#### [Task to carry out]
Where in the data does the word "ключей" appear? Find those lines and copy them.

─── Listed entries ───

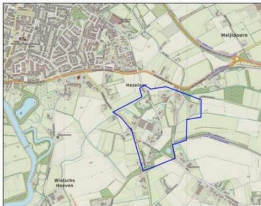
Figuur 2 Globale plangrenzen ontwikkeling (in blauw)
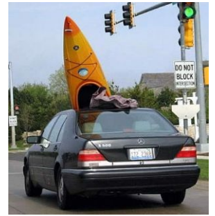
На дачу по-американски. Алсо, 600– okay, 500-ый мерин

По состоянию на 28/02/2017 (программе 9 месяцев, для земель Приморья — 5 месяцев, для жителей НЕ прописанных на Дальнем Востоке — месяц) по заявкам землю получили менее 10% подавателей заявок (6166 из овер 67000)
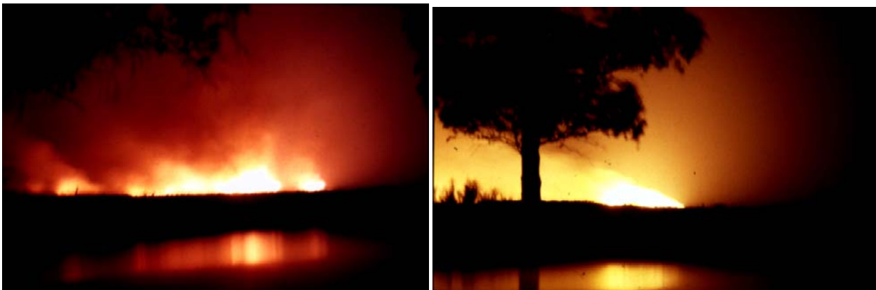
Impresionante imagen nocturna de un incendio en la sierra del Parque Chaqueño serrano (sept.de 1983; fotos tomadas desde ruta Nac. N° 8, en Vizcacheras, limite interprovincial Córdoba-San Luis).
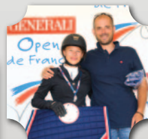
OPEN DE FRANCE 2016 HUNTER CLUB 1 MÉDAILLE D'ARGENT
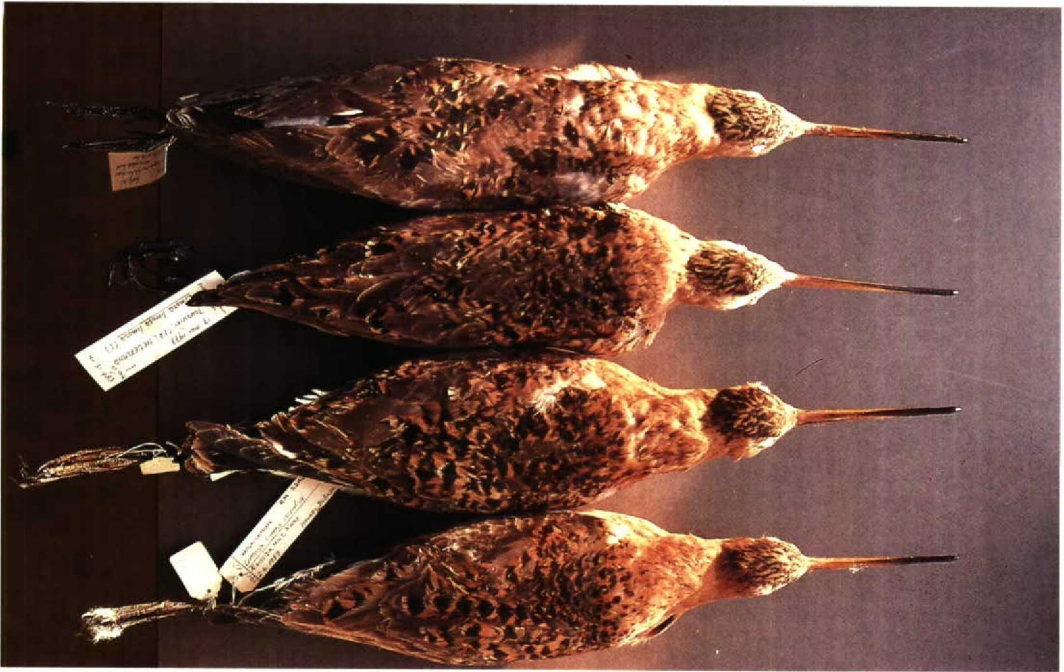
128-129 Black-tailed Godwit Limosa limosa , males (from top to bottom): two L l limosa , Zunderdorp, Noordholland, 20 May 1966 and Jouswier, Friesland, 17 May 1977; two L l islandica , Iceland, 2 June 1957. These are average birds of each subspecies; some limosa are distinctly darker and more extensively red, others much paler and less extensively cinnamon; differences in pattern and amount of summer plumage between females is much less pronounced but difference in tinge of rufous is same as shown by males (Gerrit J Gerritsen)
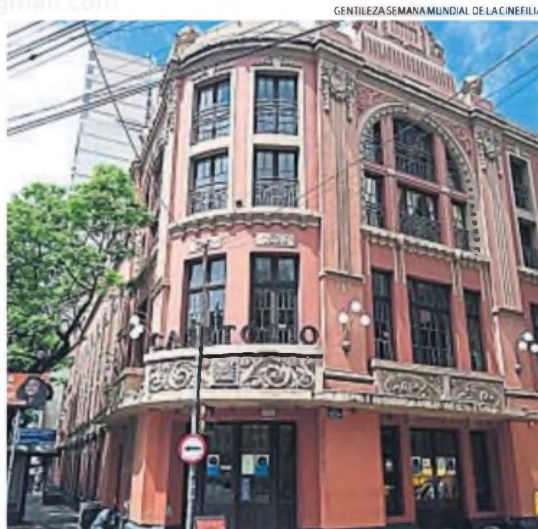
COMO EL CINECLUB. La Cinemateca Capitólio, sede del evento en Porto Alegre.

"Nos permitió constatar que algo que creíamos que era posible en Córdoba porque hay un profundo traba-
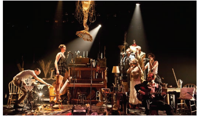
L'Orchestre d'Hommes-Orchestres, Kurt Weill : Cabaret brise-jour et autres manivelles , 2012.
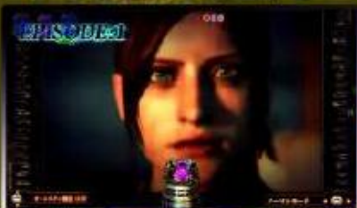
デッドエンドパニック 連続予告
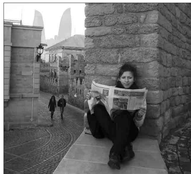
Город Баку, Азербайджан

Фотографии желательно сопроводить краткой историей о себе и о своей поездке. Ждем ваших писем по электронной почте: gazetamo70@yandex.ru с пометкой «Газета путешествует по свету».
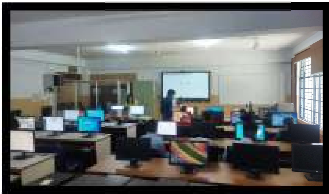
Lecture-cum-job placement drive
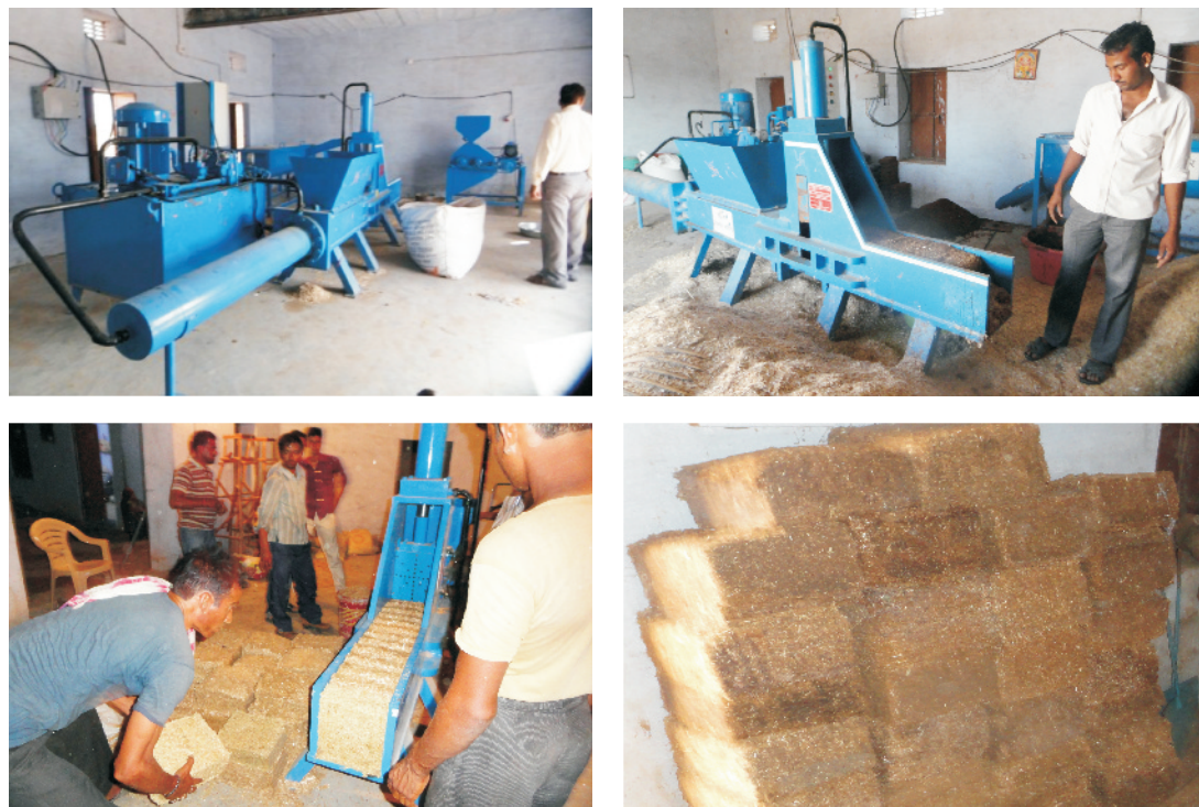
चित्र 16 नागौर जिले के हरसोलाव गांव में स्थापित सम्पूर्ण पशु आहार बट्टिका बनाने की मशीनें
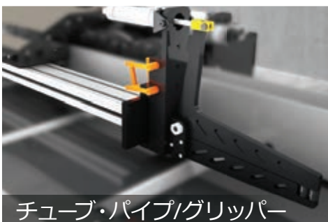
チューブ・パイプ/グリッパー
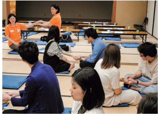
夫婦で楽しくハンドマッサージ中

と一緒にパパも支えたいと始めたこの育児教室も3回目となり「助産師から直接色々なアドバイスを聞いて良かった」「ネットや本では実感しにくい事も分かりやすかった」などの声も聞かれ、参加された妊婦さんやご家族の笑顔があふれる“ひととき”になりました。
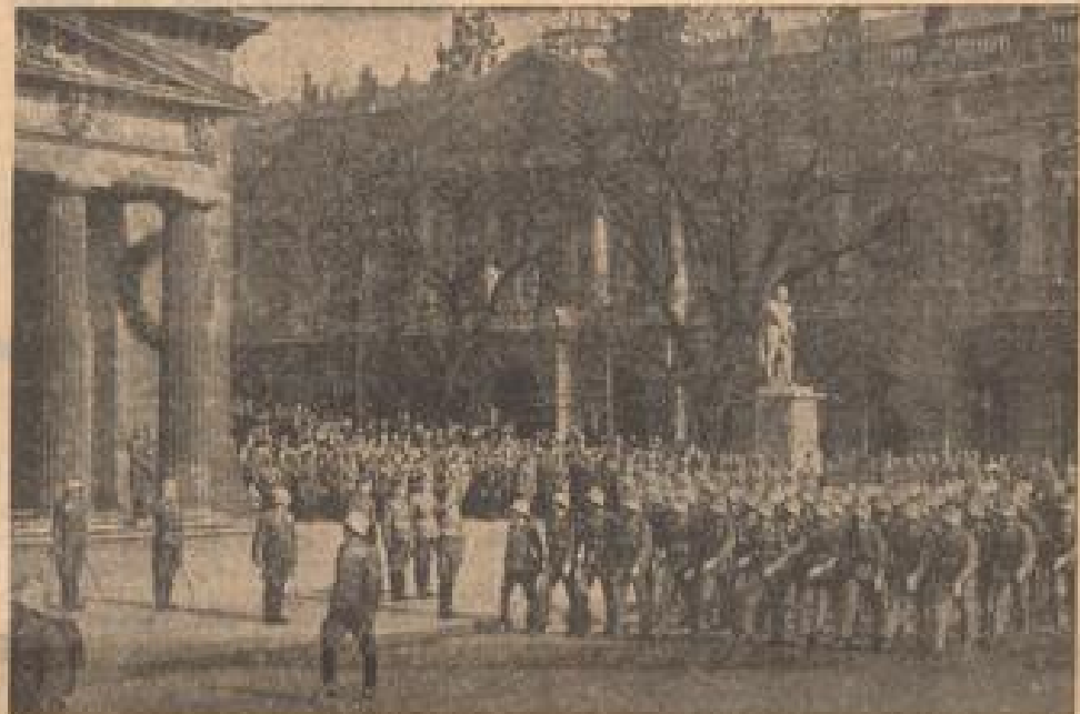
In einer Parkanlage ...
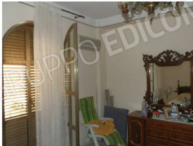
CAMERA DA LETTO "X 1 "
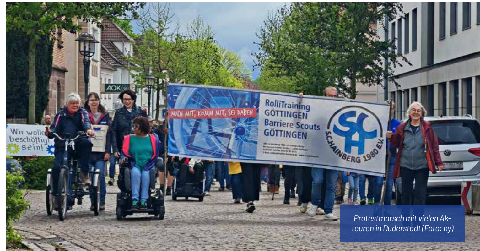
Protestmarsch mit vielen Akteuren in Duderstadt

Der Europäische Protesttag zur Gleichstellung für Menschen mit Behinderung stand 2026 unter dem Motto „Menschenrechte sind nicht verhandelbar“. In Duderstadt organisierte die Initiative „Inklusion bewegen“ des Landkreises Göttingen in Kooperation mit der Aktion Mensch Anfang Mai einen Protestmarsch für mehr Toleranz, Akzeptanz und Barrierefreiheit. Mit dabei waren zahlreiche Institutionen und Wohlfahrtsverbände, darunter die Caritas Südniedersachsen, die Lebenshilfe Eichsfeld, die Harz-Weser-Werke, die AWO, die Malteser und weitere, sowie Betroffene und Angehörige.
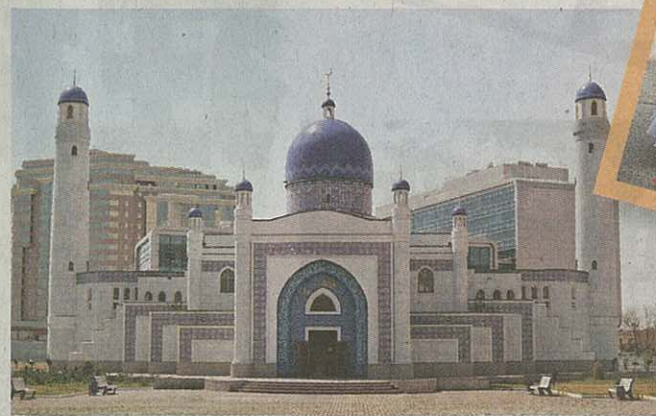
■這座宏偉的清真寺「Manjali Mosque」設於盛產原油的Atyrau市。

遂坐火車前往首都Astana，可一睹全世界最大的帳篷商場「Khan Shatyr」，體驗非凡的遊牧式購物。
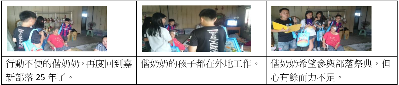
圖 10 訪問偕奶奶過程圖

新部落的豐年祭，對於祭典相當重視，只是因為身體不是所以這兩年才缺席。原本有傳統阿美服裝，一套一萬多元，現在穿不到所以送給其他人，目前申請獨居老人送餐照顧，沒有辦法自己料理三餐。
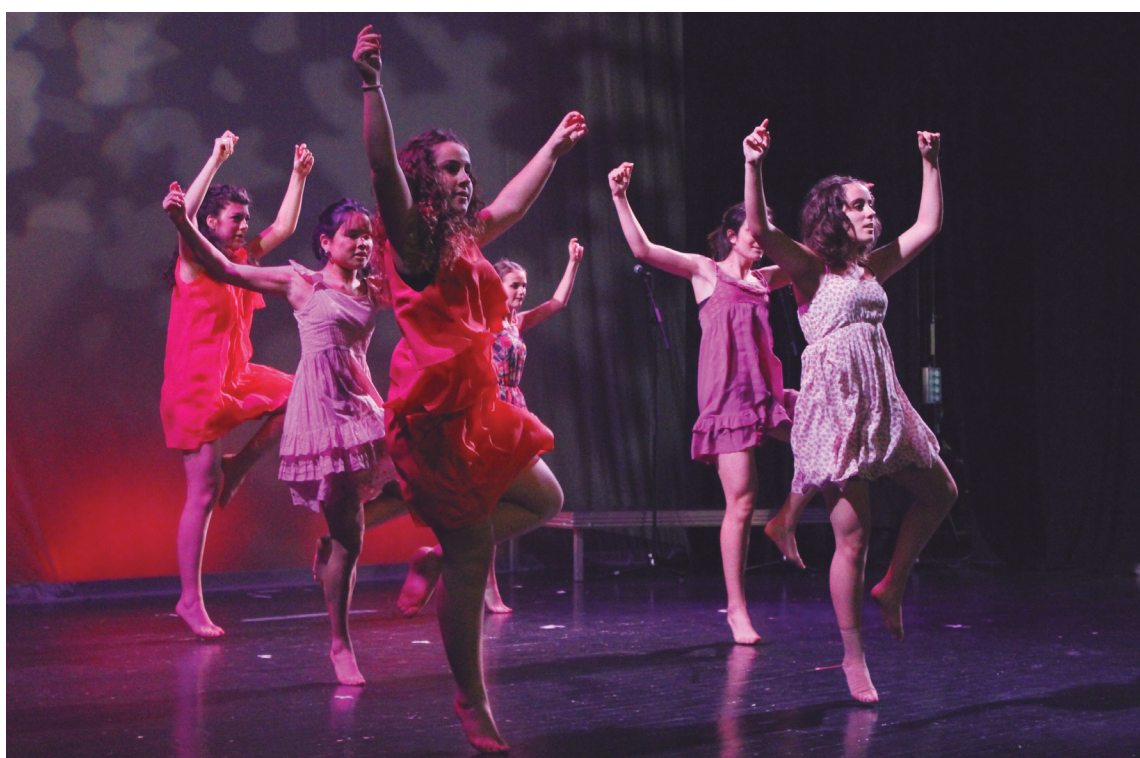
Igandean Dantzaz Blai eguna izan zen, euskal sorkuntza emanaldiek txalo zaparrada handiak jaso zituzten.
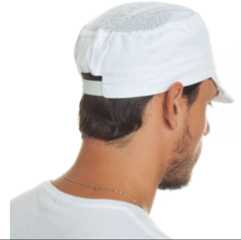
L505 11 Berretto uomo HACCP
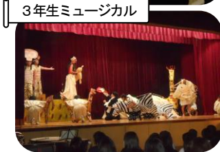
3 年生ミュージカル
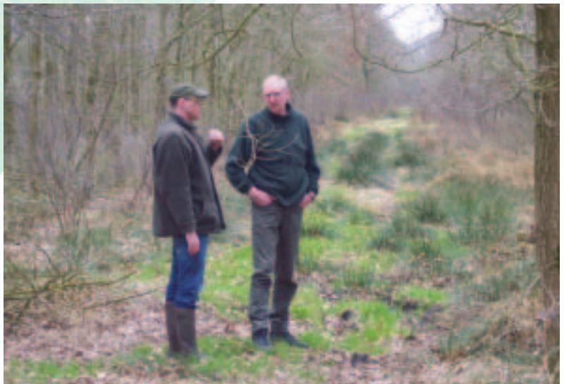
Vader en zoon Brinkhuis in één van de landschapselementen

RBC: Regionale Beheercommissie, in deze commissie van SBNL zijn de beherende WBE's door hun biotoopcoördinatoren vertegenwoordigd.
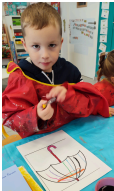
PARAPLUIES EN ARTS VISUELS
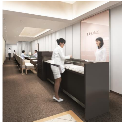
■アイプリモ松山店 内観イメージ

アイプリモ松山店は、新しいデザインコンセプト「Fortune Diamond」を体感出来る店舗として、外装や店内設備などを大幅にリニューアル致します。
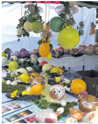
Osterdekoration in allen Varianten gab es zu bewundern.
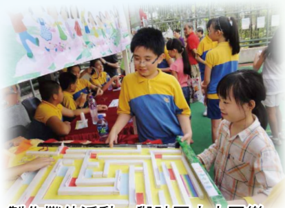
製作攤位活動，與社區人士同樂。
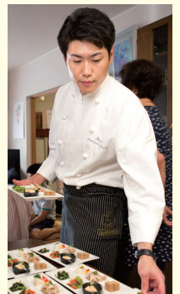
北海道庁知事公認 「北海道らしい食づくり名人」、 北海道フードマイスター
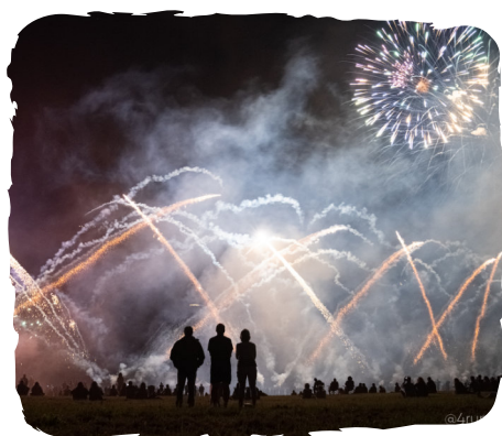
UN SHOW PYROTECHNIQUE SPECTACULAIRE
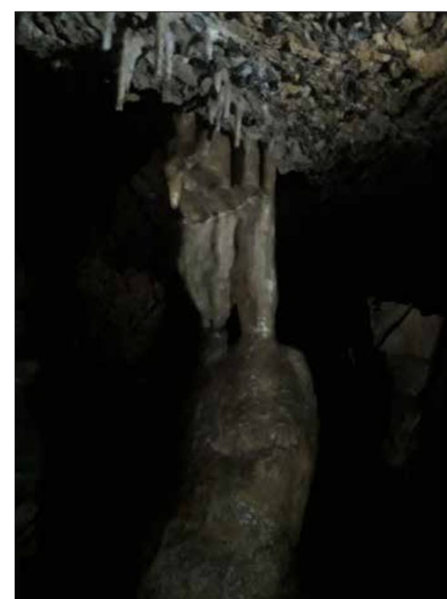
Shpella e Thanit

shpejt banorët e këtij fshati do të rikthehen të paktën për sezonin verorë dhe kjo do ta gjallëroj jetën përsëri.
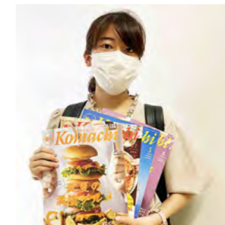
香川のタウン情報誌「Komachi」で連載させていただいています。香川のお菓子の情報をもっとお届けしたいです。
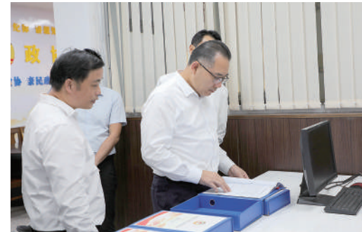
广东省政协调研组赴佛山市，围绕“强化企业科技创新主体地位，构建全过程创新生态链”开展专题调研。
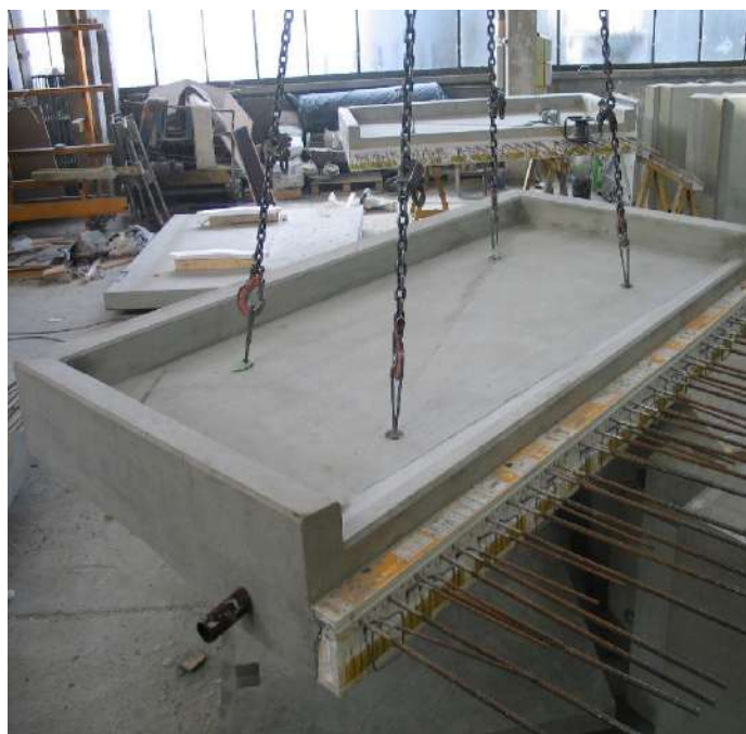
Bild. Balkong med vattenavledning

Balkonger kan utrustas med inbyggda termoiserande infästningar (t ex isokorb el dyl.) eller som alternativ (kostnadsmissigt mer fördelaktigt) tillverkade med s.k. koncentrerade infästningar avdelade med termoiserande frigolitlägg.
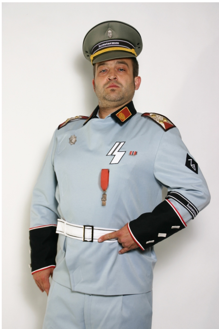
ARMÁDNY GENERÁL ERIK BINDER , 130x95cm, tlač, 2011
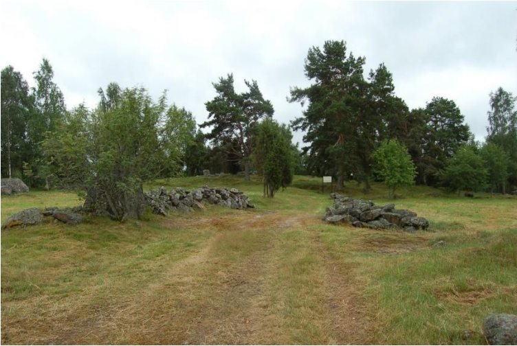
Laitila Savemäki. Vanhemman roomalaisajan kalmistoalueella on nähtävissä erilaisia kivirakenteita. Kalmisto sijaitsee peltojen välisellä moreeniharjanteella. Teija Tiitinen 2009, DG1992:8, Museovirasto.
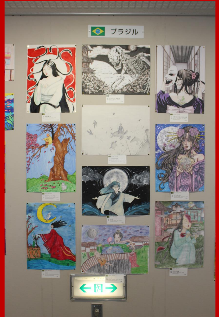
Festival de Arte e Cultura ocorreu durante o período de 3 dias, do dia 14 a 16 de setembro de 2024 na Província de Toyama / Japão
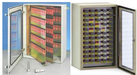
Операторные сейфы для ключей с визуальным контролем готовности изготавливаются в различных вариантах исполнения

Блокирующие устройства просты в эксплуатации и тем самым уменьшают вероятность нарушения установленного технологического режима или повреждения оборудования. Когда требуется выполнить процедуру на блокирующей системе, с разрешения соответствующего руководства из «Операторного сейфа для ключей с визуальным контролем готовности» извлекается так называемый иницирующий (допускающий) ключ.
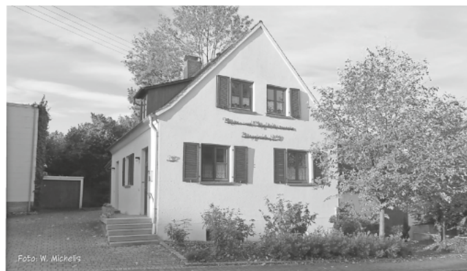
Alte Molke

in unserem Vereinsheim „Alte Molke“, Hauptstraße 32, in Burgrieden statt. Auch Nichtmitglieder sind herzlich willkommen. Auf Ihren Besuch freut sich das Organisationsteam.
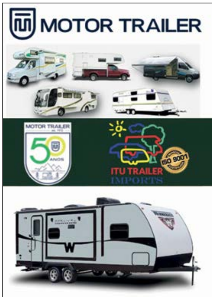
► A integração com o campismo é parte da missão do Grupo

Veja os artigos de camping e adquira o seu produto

───

#### [Solution for this problem]
Операторные сейфы для ключей с визуальным контролем готовности изготавливаются в различных вариантах исполнения
Блокирующие устройства просты в эксплуатации и тем самым уменьшают вероятность нарушения установленного технологического режима или повреждения оборудования. Когда требуется выполнить процедуру на блокирующей системе, с разрешения соответствующего руководства из «Операторного сейфа для ключей с визуальным контролем готовности» извлекается так называемый иницирующий (допускающий) ключ.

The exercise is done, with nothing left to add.